M  +16   -6    src/backends/drm/drm_egl_layer_surface.cpp

https://invent.kde.org/plasma/kwin/-/commit/1583b2c717100dad87c95e1b9db607550ec5af33
Comment 11 Vlad Zahorodnii 2024-02-07 15:30:08 UTC
Git commit e4244c8056f563b4696c385927c30c890514b9ce by Vlad Zahorodnii, on behalf of Xaver Hugl.
Committed on 07/02/2024 at 15:21.
Pushed by vladz into branch 'Plasma/6.0'.

backends/drm: fix EglGbmLayerSurface::doesSurfaceFit with multi gpu
(cherry picked from commit 1583b2c717100dad87c95e1b9db607550ec5af33)

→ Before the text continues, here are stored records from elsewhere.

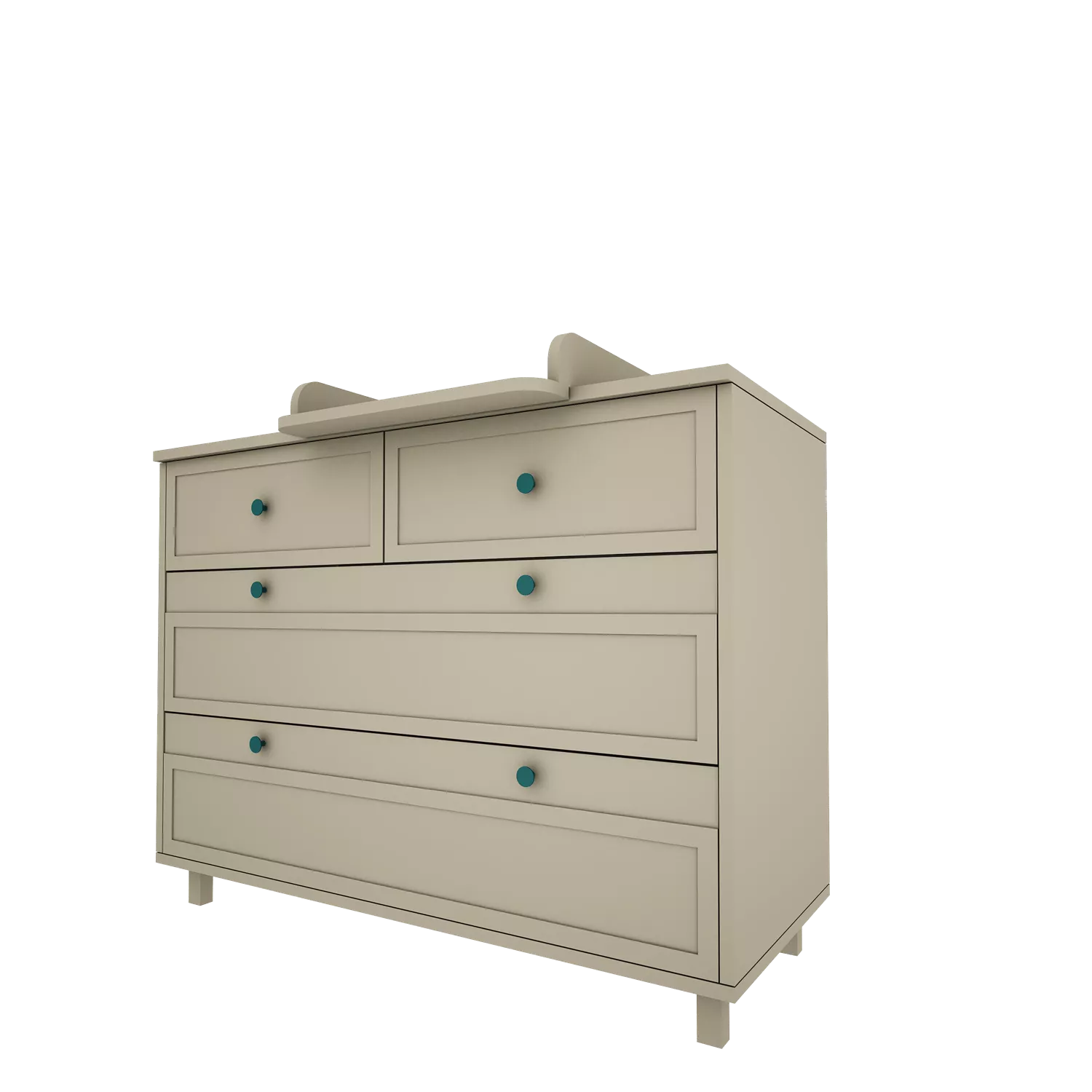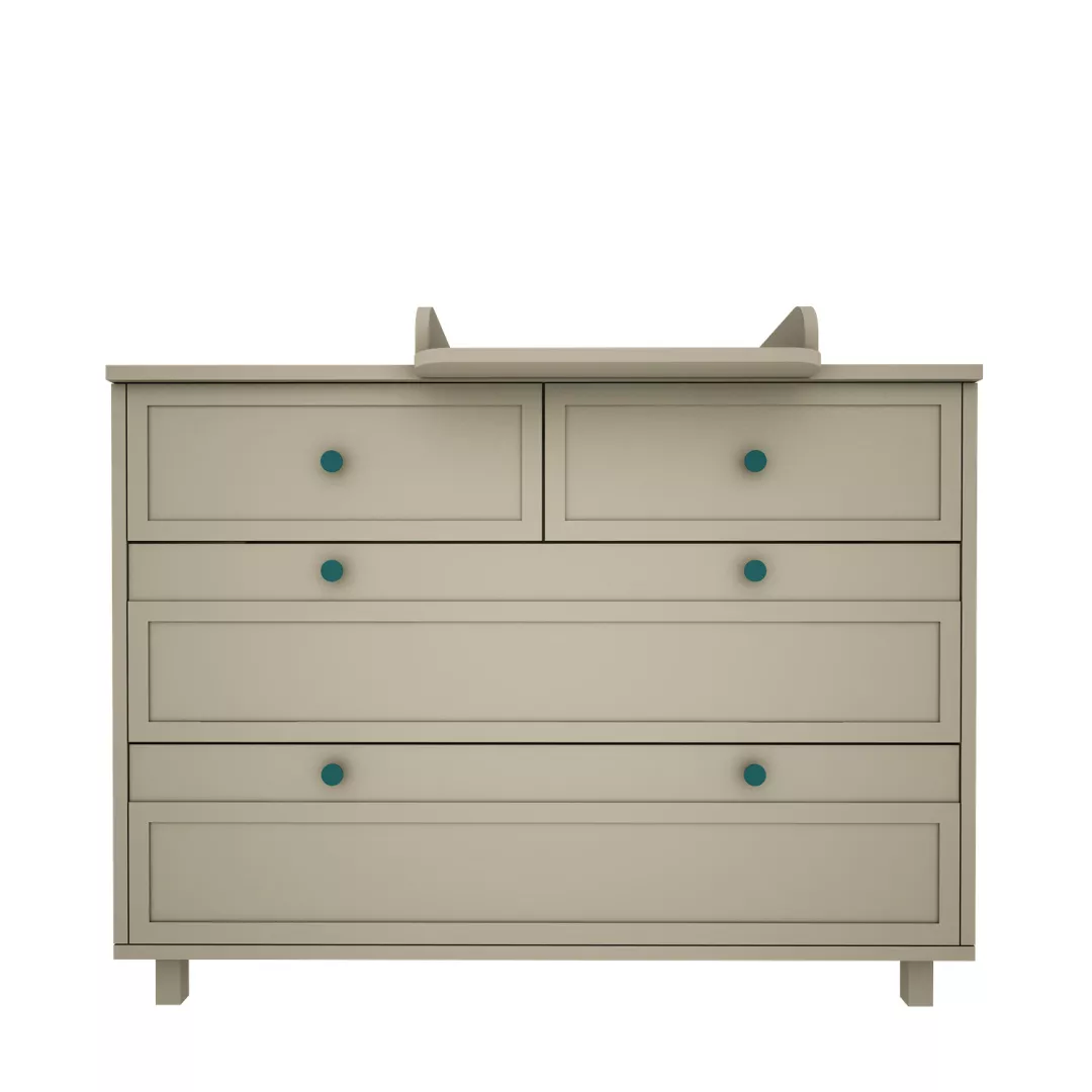Przewijak, w formie nakładki na blat komody, pozwala rodzicom w wygodny sposób wykonać wszystkie czynności pielęgnacyjne przy dziecku.
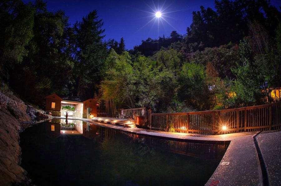 Beyond a dragon gate lies this beloved New Age stronghold tucked in the scenic foothills of the Clear Lake countryside. Spread over 5,000 acres, the village-like resort encompasses hot spring-fed pools, eateries, stone labyrinths, workshop space, and guest room domes that resemble something from Woody Allen’s Sleeper. It’s probably the crunchiest destination on this list. Eavesdrop at the pools and you’ll hear folks chatting chakras and mulling modalities.
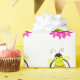 Um design divertido com um bufo branco com flores rosa brilhantes.
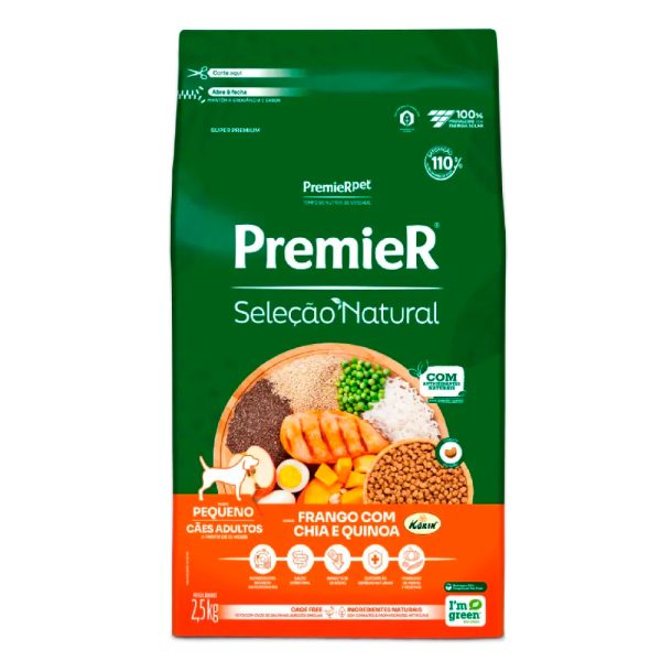 A Ração Premier Seleção Natural Cães Adultos Pequeno Porte Frango com Chia e Quinoa contém exclusiva fonte de proteína proveniente do frango Korin, possui na sua formulação chia, quinoa, extrato de marigold, abóbora e cenoura, ingredientes ricos em antioxidantes que auxiliam no combate aos radicais livres.
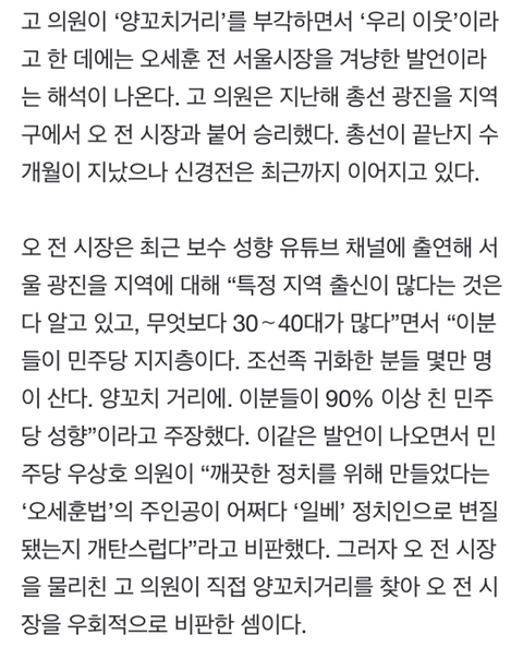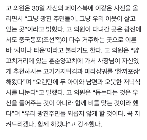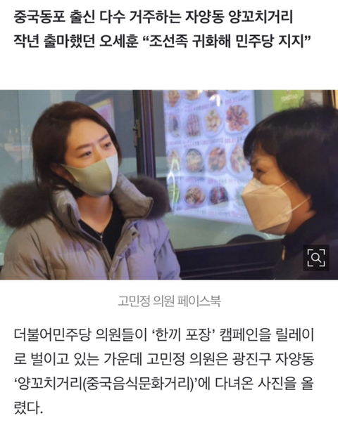 [스크랩] [여시뉴스데스크]'조선족' 발언 논란 오세훈 보란듯 '양꼬치거리' 간 고민정 "우리 이웃이 사는 곳" 작성자카레핏쨔|작성시간21.03.29|조회수2,264 목록 댓글 32 글자크기 작게가 글자크기 크게가 출처 : 여성시대 방광염질염조진다전문: https://n.news.naver.com/article/022/0003547819'조선족' 발언 논란 오세훈 보란듯 '양꼬치거리' 간 고민정 "우리 이웃이 사는 곳"중국동포 출신 다수 거주하는 자양동 양꼬치거리 작년 출마했던 오세훈 “조선족 귀화해 민주당 지지” 고민정 의원 페이스북 더불어민주당 의원들이 ‘한끼 포장’ 캠페인을 릴레이로 벌이고n.news.naver.com문제시 수정 다음검색 스크랩 원문 : *여성시대* 차분한 20대들의 알흠다운 공간 현재 게시글 추가 기능 열기 북마크 공유하기 신고 센터로 신고 댓글 댓글 32 댓글쓰기 답글쓰기 댓글 리스트 작성자김치처돌이 | 작성시간 21.03.29 아 짜증나 시발 으... 잘돌아간다.. 작성자Weeds | 작성시간 21.03.29 이웃이요? ㅋㅋ 작성자해리홍 | 작성시간 21.03.29 이웃????? 작성자시나몬스터 | 작성시간 21.03.29 진짜 대박이다ㅋㅋㅋㅋㅋ 작성자헐ㄹㄹㄹㄹ | 작성시간 21.03.30 국내에서 중국인 눈치보는거 자체가 문제야 댓글 전체보기
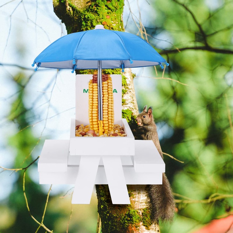 MIXXIDEA Squirrel Feeder Table with Umbrella, Wooden Squirrel Picnic Table Feeder, Durable Squirrel Feeder Corn Cob Holder, with Solid Structure and 2 x Thick Benches(White&Blue)
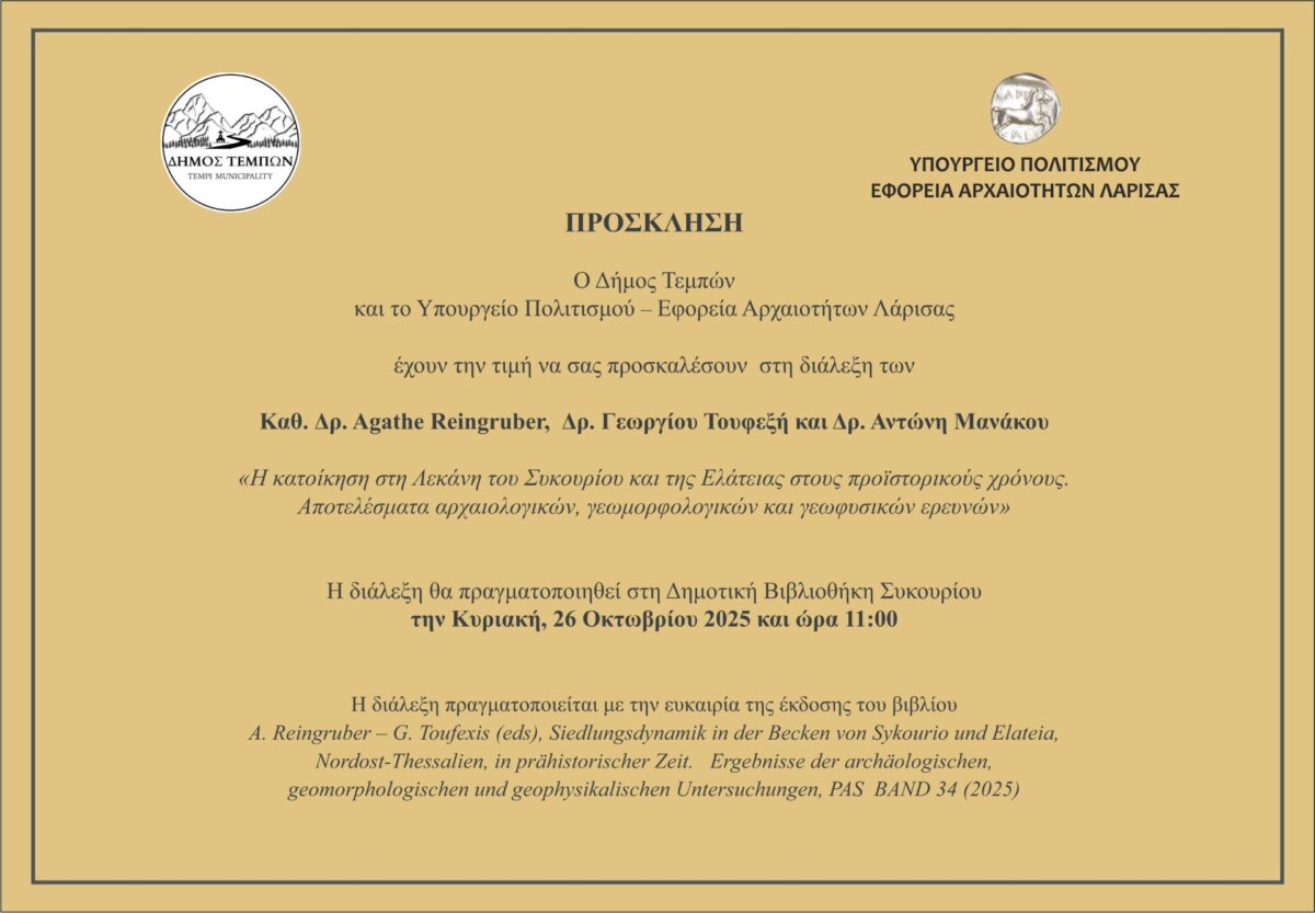 Ο Δήμος Τεμπών, σε συνεργασία με την Εφορεία Αρχαιοτήτων Λάρισας, διοργανώνει την Κυριακή 26 Οκτωβρίου 2025 και ώρα 11:00 π.μ., στη Δημοτική Βιβλιοθήκη Συκουρίου, διάλεξη με θέμα: “Η κατοίκηση στη Λεκάνη του Συκουρίου και της Ελάτειας στους προϊστορικούς χρόνους. Αποτελέσματα αρχαιολογικών, γεωμορφολογικών και γεωφυσικών ερευνών”.

M  +16   -6    src/backends/drm/drm_egl_layer_surface.cpp

https://invent.kde.org/plasma/kwin/-/commit/e4244c8056f563b4696c385927c30c890514b9ce
Comment 12 Vlad Zahorodnii 2024-02-07 15:30:16 UTC
Git commit 590055e8ff2bb216f57b698e14397c63d1d8bc4e by Vlad Zahorodnii, on behalf of Xaver Hugl.
Committed on 07/02/2024 at 15:21.
Pushed by vladz into branch 'Plasma/6.0'.

backends/drm: fix multi gpu transfers with mixed modifiers and implicit modifiers usage
(cherry picked from commit d3a2e070024fe2621619576f83ea471f3d7fb1bb)

M  +6    -6    src/backends/drm/drm_egl_layer_surface.cpp
M  +1    -2    src/backends/drm/drm_egl_layer_surface.h

https://invent.kde.org/plasma/kwin/-/commit/590055e8ff2bb216f57b698e14397c63d1d8bc4e
Comment 13 fxzjshm 2024-02-22 12:22:25 UTC
Confirm this bug has been fixed. Many thanks to you all!